Wade Helliwell

Personal information
- Born: 10 May 1978 (age 47) Melbourne, Victoria, Australia
- Listed height: 211 cm (6 ft 11 in)
- Listed weight: 118 kg (260 lb)

Career information
- College: Charlotte (1999–2000)
- Playing career: 2000–2012
- Position: Centre

Career history
- 2000–2004: Brisbane Bullets
- 2003: Panionios B.C.
- 2004–2006: Pallacanestro Virtus Roma
- 2006: Montepaschi Siena
- 2006–2008: Solsonica Rieti
- 2008–2009: Fabi Shoes
- 2009–2010: PAOK
- 2010–2011: Melbourne Tigers
- 2011–2012: Adelaide 36ers

Career highlights
- NBL Most Improved Player (2002);

= Wade Helliwell =

Australian basketball player

Wade Helliwell (born 10 May 1978) is an Australian former professional basketball player.

==Early life==
Helliwell was born in Melbourne, Victoria.

==Career==
Helliwell completed a stint at the Australian Institute of Sport before going on to a season of US College basketball attending the University of North Carolina at Charlotte playing for the Charlotte 49ers in 2000. He played 31 games for the 49ers averaging 2.5 points, 2.4 rebounds and 0.4 blocks per game.

After his season with in Charlotte, Helliwell played in Australia after signing with the Brisbane Bullets for the 2000–01 NBL season. He would play 104 games for the Bullets, winning the NBL's Most Improved Player award in 2002 when he posted career best stats of 13.4 points, 6.2 rebounds and 0.5 blocks in 30 games.

After leaving the Bullets following the 2003–04 season Helliwell went on to spend the next six years playing in Greece and Italy at the top level before returning home to Australia in 2010 to link up with his hometown club, the Melbourne Tigers for the 2010–11 NBL season.

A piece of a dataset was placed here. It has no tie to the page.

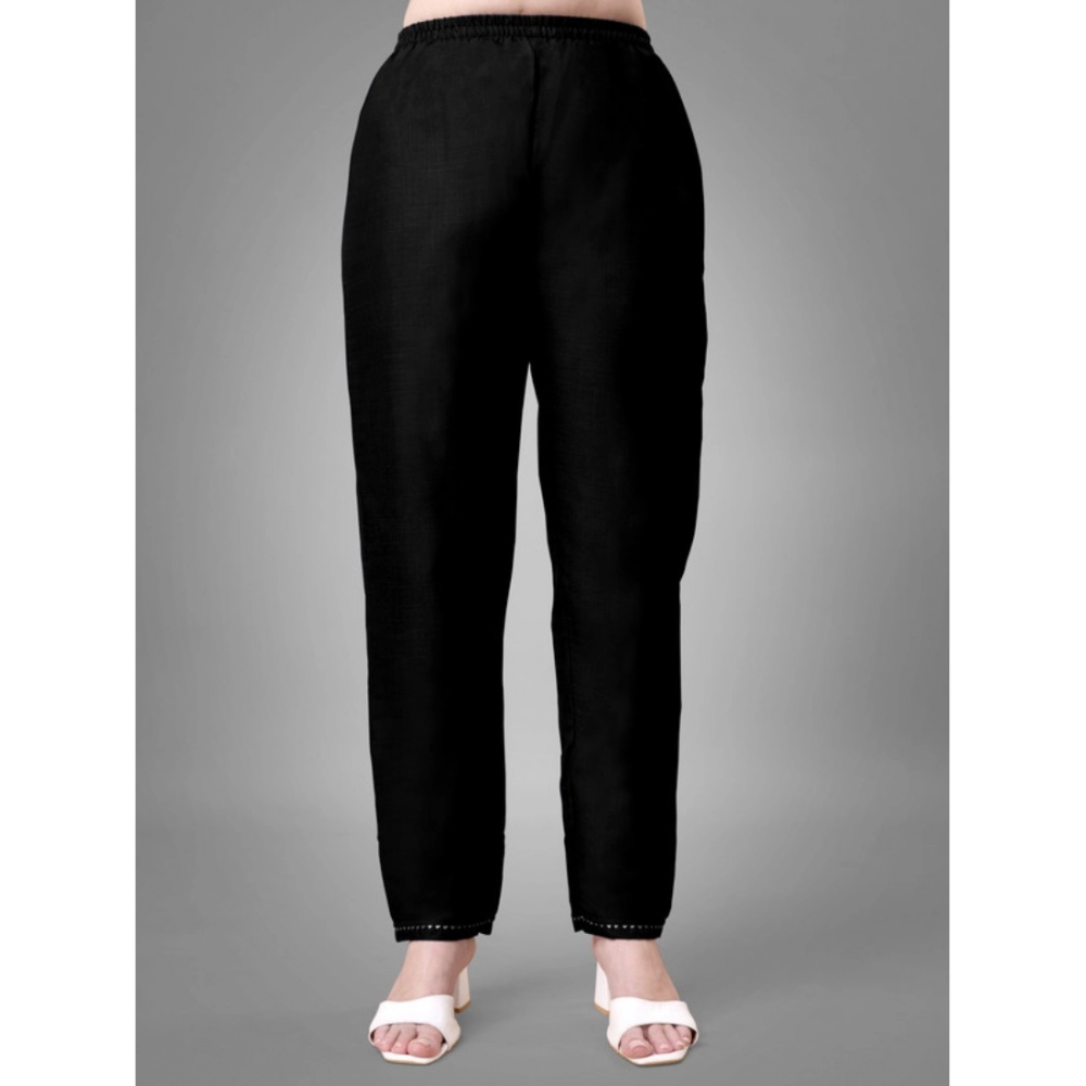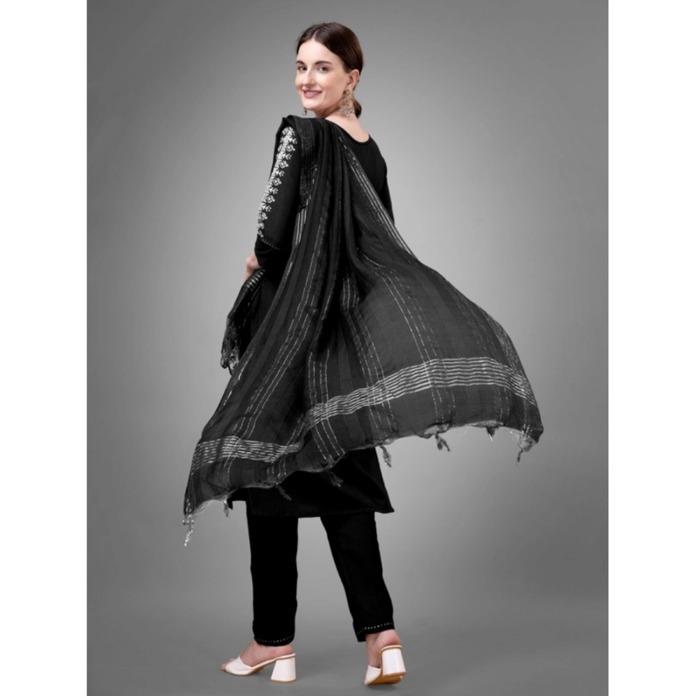 Generic Women’s Casual 3-4 th Sleeve Embroidery Cotton Kurti Pant Dupatta Set (Black)

He would play 28 games for the Tigers during the season, seeing limited court time.

On 17 August 2011 it was announced that the 6 ft 11 in, 118 kg Helliwell, now in the veteran class at age 33, had signed to play for the Adelaide 36ers in the 2011–12 season as back up to emerging centre Daniel Johnson giving the 36ers two near 7-foot tall centres (Johnson is also 6'11" but stands at 212 cm.) While no longer seen as an offensive threat Helliwell has gained a reputation among 36ers fans for being a good defender, often being called on by 36ers coach Marty Clarke to stop bigger opposition centres from scoring.

Helliwell retired from playing following the 2011–12 NBL season.